▶ **PROBLEM**:
Output each record below exactly as it stands, leaving out the pictures.

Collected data
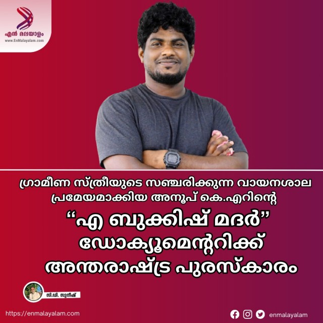 കോർട്ടോ ഡി ലൈബ്രറി ഇന്റർ നാഷണൽ ഡോക്യുമെന്ററി പുരസ്കാരം നേടി കൈരളി ന്യൂസ് സീനിയർ റിപ്പോർട്ടർ അനൂപ് കെആർ സംവിധാനം ചെയ്ത `എ ബുക്കിഷ് മദർ’
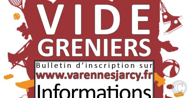2 eme Vide greniers communal de Varennes-jarcy situé sur la prairie en face du restaurant l'Olivier rue de la prairie ; INFORMATIONS en mairie au 01.69.00.11.33 ou à l'adresse mail Cliquer pour voir l'adresse mail. INSCRIPTIONS en mairie ou télécharger le bulletin d'inscription sur WWW.varennesjarcy.fr
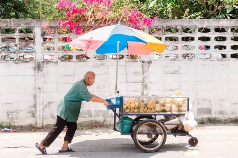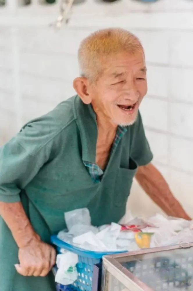 “ลุงคุง” ในวัย 60 ปี ชาวบ้านต่างรู้จักเป็นอย่างดีเพราะลุงขายผลไม้แบบนี้มาตั้งแต่หนุ่ม ๆ และยังคงทำทุกอย่างเหมือนเดิม แม้จะอายุมากแล้วก็ตาม ลุงก็ยังทำทุกอย่างเองไม่ว่าจะเป็น การขึ้นรถเมล์ไปเลือกผลไม้เองที่ตลาดเพื่อนำมาขาย ไปจนถึงการเดินเท้าเข็นรถเข็นที่แสนจะหนักด้วยตัวเองเพียงลำพัง
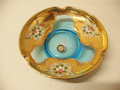 > 0850128w【イタリア製 MURANO GLASS 灰皿】24KT GOLD PAINT/ムラーノ/クリアブルー×ゴールド/花柄/アッシュトレイ/中古品
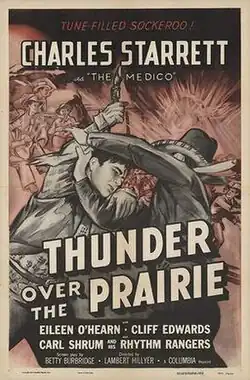 Thunder Over the Prairie is a 1941 American western film directed by Lambert Hillyer and written by Betty Burbridge. It is based on the 1935 novel The Medico Rides by James L. Rubel. The film stars Charles Starrett, Cliff Edwards, Eileen O'Hearn, Stanley Brown, Danny Mummert and David Sharpe. The film was released on July 30, 1941, by Columbia Pictures.[1][2][3] It is a sequel to The Medico of Painted Springs, released a month earlier. The third "Medico" film, Prairie Stranger, debuted in September.[4]
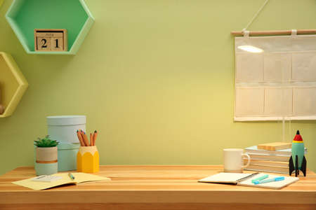 Stylish workplace with stationery on wooden desk near light green wall. Interior design
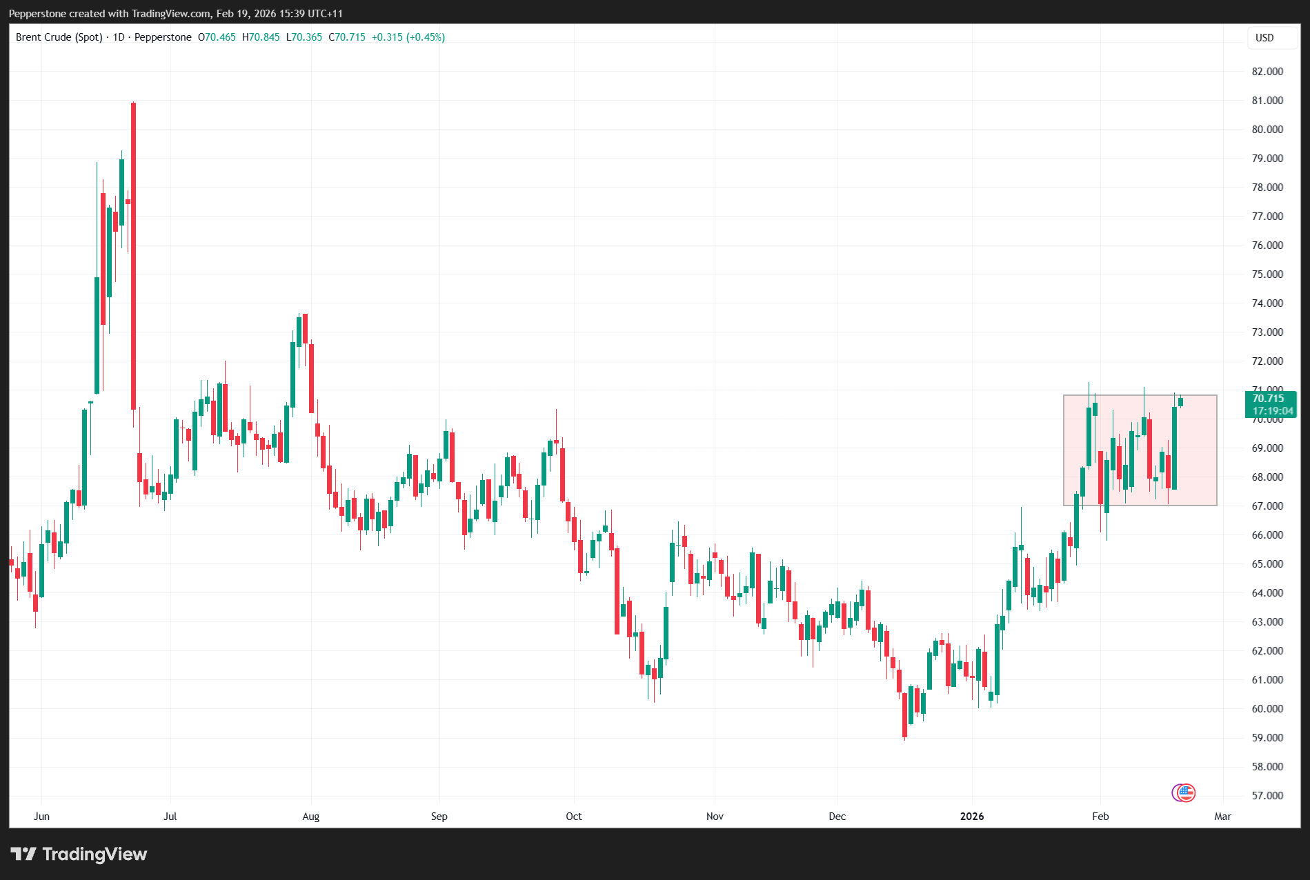 • Brent crude has moved toward $71, testing the upper bound of its $67 to $70 consolidation range.
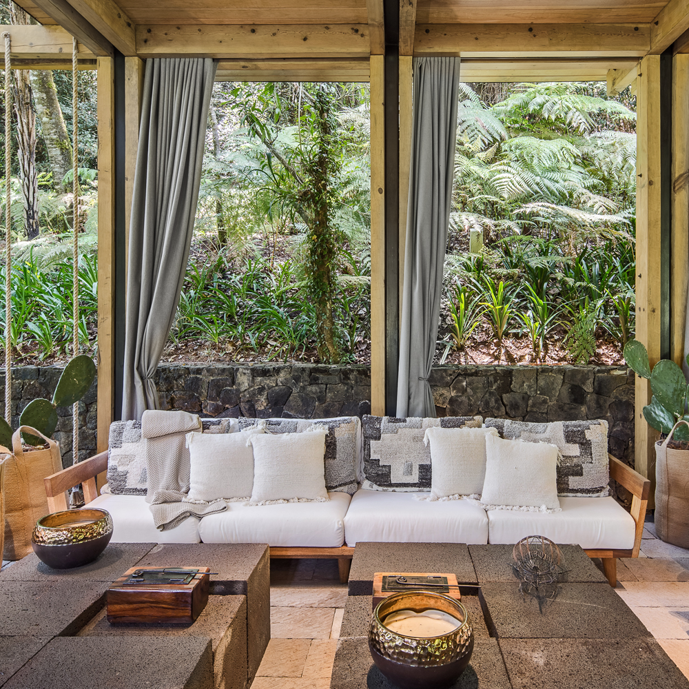 El sofá Kana es ideal para la terraza. Sus acojinamientos para exterior con tela Sunbrella lo hacen ideal para el exterior. Además su mantenimiento es de lo más fácil.
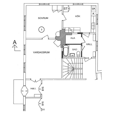 Tvårumslägenhet i charmiga Mariannelund – ljus, karaktär och bevarade kakelugnar
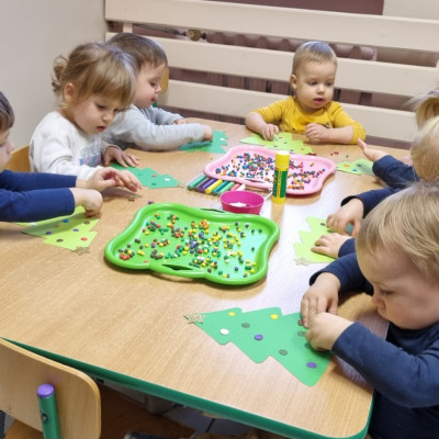 Zdjecia przedstawiają dzieci wykonujące prace plastyczne.
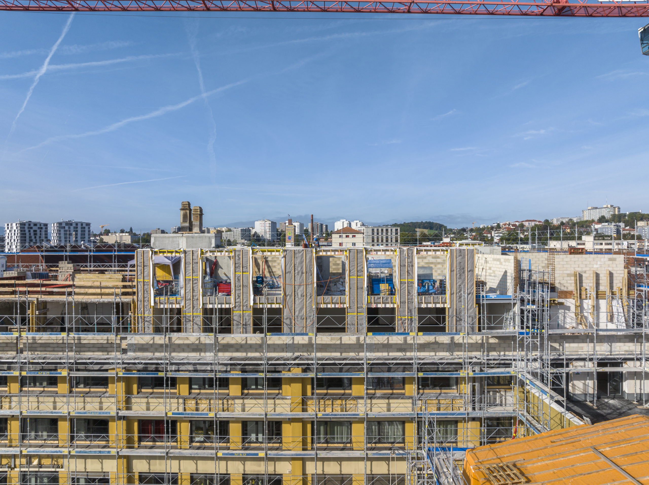 La surélévation a pour particularité de privilégier un mix bois-béton. Cette nouvelle structure est réalisée par Induni & Cie SA qui rehausse les noyaux principaux en béton armé (cages d’escaliers, murs de refend et gaines d’ascenseurs) avant de mettre en place les éléments en ossatures bois fournis par la société Simonin SA. La structure existante des étages inférieurs a été renforcée ponctuellement. (PKE)
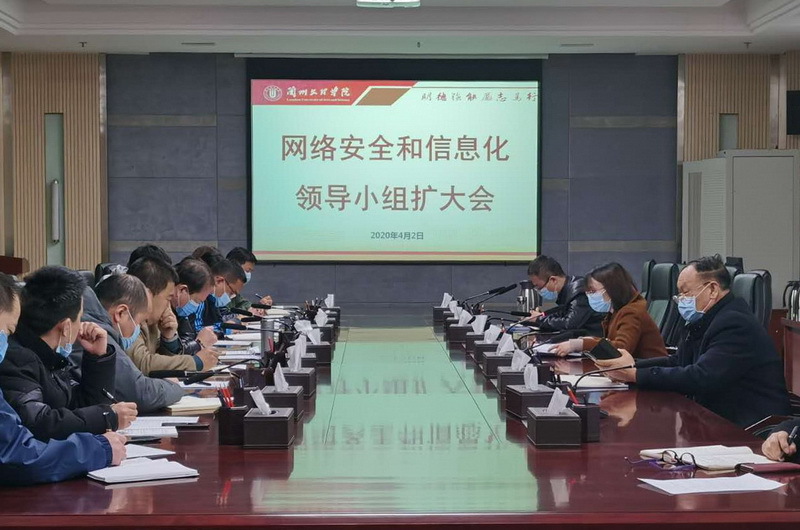 2020年4月2日上午,学校在第一会议室召开网络安全和信息化领导小组扩大会议,党办、信息中心、宣传部、财务处、国资处、后勤管理处、保卫处、学生处等网络安全和信息化领导小组成员单位负责人,发展规划处、人事处、教务处、招就处、科技处、审计处、基建处、团委、图书馆、继续教育学院负责人参加会议,会议由学校网络安全和信息化领导小组副组长、副校长刘畅主持。

▶ **REPLY TO THE TASK**:
 കോർട്ടോ ഡി ലൈബ്രറി ഇന്റർ നാഷണൽ ഡോക്യുമെന്ററി പുരസ്കാരം നേടി കൈരളി ന്യൂസ് സീനിയർ റിപ്പോർട്ടർ അനൂപ് കെആർ സംവിധാനം ചെയ്ത `എ ബുക്കിഷ് മദർ’
2 eme Vide greniers communal de Varennes-jarcy situé sur la prairie en face du restaurant l'Olivier rue de la prairie ; INFORMATIONS en mairie au 01.69.00.11.33 ou à l'adresse mail Cliquer pour voir l'adresse mail. INSCRIPTIONS en mairie ou télécharger le bulletin d'inscription sur WWW.varennesjarcy.fr
 “ลุงคุง” ในวัย 60 ปี ชาวบ้านต่างรู้จักเป็นอย่างดีเพราะลุงขายผลไม้แบบนี้มาตั้งแต่หนุ่ม ๆ และยังคงทำทุกอย่างเหมือนเดิม แม้จะอายุมากแล้วก็ตาม ลุงก็ยังทำทุกอย่างเองไม่ว่าจะเป็น การขึ้นรถเมล์ไปเลือกผลไม้เองที่ตลาดเพื่อนำมาขาย ไปจนถึงการเดินเท้าเข็นรถเข็นที่แสนจะหนักด้วยตัวเองเพียงลำพัง
 > 0850128w【イタリア製 MURANO GLASS 灰皿】24KT GOLD PAINT/ムラーノ/クリアブルー×ゴールド/花柄/アッシュトレイ/中古品
 Thunder Over the Prairie is a 1941 American western film directed by Lambert Hillyer and written by Betty Burbridge. It is based on the 1935 novel The Medico Rides by James L. Rubel. The film stars Charles Starrett, Cliff Edwards, Eileen O'Hearn, Stanley Brown, Danny Mummert and David Sharpe. The film was released on July 30, 1941, by Columbia Pictures.[1][2][3] It is a sequel to The Medico of Painted Springs, released a month earlier. The third "Medico" film, Prairie Stranger, debuted in September.[4]
 Stylish workplace with stationery on wooden desk near light green wall. Interior design
 • Brent crude has moved toward $71, testing the upper bound of its $67 to $70 consolidation range.
 El sofá Kana es ideal para la terraza. Sus acojinamientos para exterior con tela Sunbrella lo hacen ideal para el exterior. Además su mantenimiento es de lo más fácil.
 Tvårumslägenhet i charmiga Mariannelund – ljus, karaktär och bevarade kakelugnar
 Zdjecia przedstawiają dzieci wykonujące prace plastyczne.
 La surélévation a pour particularité de privilégier un mix bois-béton. Cette nouvelle structure est réalisée par Induni & Cie SA qui rehausse les noyaux principaux en béton armé (cages d’escaliers, murs de refend et gaines d’ascenseurs) avant de mettre en place les éléments en ossatures bois fournis par la société Simonin SA. La structure existante des étages inférieurs a été renforcée ponctuellement. (PKE)
 2020年4月2日上午,学校在第一会议室召开网络安全和信息化领导小组扩大会议,党办、信息中心、宣传部、财务处、国资处、后勤管理处、保卫处、学生处等网络安全和信息化领导小组成员单位负责人,发展规划处、人事处、教务处、招就处、科技处、审计处、基建处、团委、图书馆、继续教育学院负责人参加会议,会议由学校网络安全和信息化领导小组副组长、副校长刘畅主持。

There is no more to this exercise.